Defense: "It is filthy."
Critic: " Why don't you clean it up?"
Defense: "We like it the way it is."

This work was made using discarded packing paper found on the side of the road as its starting point.
It is the sacred duty of the artist to defend the beauty of the world. When things are given no value, we reach down, pick them up, and recognize them as precious.

Artist Bio

Of my earliest childhood memories, one of the most vivid is, while playing with paper and pencil, accidentally drawing what I perceived to look like a little bird. The picture was absolutely simple, composed of one long curved line enclosed at the "beak." Yet it seemed to me like it might at any moment fly right off the page.
Since the drawing came about spontaneously, I immediately became taken with the idea of repeating/recreating it. I filled page after page attempting to capture the essential beauty and purity of that first "chance" drawing, but each attempt came up short.
Perhaps in some strange way, I've still been trying ever since.

In my early teens, I began to compose and perform music, eventually studying formally at Franklin & Marshall college where I received a Bachelors of Music in 2022.
It was there where I developed a deep fascination with the artistic avant-garde, discovering the works of artists like John Cage, Laurie Anderson, Duchamp, Rauschenberg, and Jasper Johns. Artists who blurred the lines between artistic mediums and life itself.

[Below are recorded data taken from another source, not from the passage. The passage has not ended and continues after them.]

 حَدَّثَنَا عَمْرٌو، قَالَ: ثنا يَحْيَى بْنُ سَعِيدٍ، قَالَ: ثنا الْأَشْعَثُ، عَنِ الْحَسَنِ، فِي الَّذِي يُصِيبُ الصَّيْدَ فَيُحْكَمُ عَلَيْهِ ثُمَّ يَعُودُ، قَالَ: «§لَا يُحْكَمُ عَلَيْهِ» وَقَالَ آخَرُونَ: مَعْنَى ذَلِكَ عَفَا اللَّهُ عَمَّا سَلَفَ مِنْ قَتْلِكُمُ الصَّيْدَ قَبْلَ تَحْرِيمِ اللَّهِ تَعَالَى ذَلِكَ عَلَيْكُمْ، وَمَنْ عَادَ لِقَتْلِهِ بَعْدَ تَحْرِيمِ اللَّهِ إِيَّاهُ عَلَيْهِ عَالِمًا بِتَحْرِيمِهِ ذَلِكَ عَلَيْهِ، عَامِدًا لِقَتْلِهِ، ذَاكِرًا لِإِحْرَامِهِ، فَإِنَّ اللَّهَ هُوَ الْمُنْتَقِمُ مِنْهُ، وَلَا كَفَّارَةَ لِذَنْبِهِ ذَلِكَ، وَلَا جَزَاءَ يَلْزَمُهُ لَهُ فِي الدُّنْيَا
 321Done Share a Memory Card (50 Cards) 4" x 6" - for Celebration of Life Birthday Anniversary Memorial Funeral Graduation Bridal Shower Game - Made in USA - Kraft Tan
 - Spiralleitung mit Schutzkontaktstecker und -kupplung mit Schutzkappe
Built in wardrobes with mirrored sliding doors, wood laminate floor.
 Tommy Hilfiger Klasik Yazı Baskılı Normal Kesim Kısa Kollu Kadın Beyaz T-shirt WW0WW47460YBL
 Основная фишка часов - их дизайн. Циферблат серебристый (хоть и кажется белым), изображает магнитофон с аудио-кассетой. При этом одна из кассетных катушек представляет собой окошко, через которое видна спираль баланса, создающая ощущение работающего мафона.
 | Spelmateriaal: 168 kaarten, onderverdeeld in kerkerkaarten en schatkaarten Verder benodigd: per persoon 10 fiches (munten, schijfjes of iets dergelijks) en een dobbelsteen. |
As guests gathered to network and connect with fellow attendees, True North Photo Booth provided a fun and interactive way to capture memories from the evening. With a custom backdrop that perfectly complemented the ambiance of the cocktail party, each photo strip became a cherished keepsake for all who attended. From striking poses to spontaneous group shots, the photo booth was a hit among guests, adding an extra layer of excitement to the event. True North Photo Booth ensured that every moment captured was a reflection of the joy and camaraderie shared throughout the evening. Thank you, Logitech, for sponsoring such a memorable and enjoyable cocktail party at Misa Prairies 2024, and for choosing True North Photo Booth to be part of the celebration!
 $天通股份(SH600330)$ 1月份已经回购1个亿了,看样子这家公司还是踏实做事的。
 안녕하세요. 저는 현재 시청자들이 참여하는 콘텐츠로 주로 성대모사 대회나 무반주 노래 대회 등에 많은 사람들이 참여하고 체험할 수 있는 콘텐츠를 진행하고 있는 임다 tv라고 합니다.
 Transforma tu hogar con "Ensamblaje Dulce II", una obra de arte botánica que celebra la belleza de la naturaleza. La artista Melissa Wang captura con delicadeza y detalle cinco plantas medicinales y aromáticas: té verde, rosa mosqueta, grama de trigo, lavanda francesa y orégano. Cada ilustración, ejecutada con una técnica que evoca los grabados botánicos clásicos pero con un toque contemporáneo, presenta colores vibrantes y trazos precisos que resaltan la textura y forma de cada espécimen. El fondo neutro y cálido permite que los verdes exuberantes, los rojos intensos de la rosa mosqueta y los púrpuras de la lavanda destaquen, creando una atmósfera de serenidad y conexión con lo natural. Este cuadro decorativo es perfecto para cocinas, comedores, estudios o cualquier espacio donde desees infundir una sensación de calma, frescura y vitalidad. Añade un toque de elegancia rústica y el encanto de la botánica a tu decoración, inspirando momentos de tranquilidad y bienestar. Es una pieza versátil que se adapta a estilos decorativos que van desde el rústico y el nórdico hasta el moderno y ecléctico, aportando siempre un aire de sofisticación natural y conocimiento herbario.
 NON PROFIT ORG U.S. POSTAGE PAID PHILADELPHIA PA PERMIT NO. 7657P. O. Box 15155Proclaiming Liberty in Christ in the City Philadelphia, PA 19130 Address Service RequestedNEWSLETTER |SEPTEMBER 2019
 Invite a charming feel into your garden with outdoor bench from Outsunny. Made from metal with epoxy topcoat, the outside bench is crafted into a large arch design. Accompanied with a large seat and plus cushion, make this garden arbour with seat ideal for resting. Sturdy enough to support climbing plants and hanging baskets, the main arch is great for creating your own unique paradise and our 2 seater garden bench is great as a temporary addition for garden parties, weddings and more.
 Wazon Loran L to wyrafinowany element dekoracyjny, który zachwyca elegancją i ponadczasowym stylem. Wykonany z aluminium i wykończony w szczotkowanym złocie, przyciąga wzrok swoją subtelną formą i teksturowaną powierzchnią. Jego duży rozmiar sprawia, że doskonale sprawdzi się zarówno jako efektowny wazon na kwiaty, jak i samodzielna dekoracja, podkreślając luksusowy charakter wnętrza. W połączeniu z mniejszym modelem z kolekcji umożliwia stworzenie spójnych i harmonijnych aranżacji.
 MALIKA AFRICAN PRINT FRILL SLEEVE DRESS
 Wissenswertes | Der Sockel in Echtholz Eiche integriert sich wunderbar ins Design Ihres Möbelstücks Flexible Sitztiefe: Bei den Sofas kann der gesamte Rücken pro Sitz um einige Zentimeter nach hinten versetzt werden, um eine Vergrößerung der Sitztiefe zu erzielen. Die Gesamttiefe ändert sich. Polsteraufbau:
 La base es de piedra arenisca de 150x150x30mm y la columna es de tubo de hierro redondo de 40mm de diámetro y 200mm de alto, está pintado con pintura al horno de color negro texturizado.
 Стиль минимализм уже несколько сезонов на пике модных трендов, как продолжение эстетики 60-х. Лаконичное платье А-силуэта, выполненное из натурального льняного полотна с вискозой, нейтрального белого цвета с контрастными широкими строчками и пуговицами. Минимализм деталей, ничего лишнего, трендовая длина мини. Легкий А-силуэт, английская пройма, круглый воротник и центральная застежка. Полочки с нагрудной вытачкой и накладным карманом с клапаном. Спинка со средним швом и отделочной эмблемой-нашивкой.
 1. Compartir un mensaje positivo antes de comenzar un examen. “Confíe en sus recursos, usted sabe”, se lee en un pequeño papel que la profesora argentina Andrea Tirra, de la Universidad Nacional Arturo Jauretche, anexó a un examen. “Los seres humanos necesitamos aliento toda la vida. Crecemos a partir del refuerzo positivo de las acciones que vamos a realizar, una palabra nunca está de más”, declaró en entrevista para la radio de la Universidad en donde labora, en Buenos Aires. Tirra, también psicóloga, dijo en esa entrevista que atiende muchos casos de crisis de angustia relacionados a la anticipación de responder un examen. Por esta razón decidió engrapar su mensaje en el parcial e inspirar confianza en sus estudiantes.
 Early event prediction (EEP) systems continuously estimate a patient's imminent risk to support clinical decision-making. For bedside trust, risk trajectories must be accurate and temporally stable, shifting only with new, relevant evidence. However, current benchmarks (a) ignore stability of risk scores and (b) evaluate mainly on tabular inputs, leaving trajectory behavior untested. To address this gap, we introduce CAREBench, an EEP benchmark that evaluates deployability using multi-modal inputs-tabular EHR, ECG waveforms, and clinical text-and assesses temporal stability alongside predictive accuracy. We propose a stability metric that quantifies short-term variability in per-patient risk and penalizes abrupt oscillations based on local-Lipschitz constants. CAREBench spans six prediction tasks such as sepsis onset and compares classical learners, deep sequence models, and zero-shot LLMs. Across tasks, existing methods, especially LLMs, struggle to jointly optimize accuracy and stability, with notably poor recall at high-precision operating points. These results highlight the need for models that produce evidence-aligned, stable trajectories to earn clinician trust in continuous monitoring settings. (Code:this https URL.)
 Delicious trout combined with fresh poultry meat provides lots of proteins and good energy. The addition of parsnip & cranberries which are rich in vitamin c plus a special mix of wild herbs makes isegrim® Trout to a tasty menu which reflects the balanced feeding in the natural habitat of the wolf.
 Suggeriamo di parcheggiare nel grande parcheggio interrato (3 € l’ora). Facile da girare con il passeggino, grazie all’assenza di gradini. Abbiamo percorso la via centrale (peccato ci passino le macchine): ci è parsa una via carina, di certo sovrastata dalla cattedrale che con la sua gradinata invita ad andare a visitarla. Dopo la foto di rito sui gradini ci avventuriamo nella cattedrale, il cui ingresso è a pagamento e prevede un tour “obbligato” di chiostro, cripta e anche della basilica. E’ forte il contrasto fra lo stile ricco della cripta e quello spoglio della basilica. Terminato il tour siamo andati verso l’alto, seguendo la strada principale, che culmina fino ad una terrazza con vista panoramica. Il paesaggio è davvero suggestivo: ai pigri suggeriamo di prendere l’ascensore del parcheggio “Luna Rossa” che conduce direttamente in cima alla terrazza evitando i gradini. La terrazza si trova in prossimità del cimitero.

Since graduating, I've continued my work as a multimedia artist, producing bodies of work such as the 2023 conceptual album/novella "The Burning of Hunger City" and a stream of visual works consisting of videos, photographs, drawings, paintings, and assemblages. In addition to this, I write consistent essays and poems exploring artistic philosophy for my Substack, the "On Fire Diaries."

My latest body of work, an installation entitled "Ten Invisible Drawings" premiered at Barshinger Center, Franklin & Marshall College on November 9th, 2024. Another showing at the college is already scheduled for early 2025.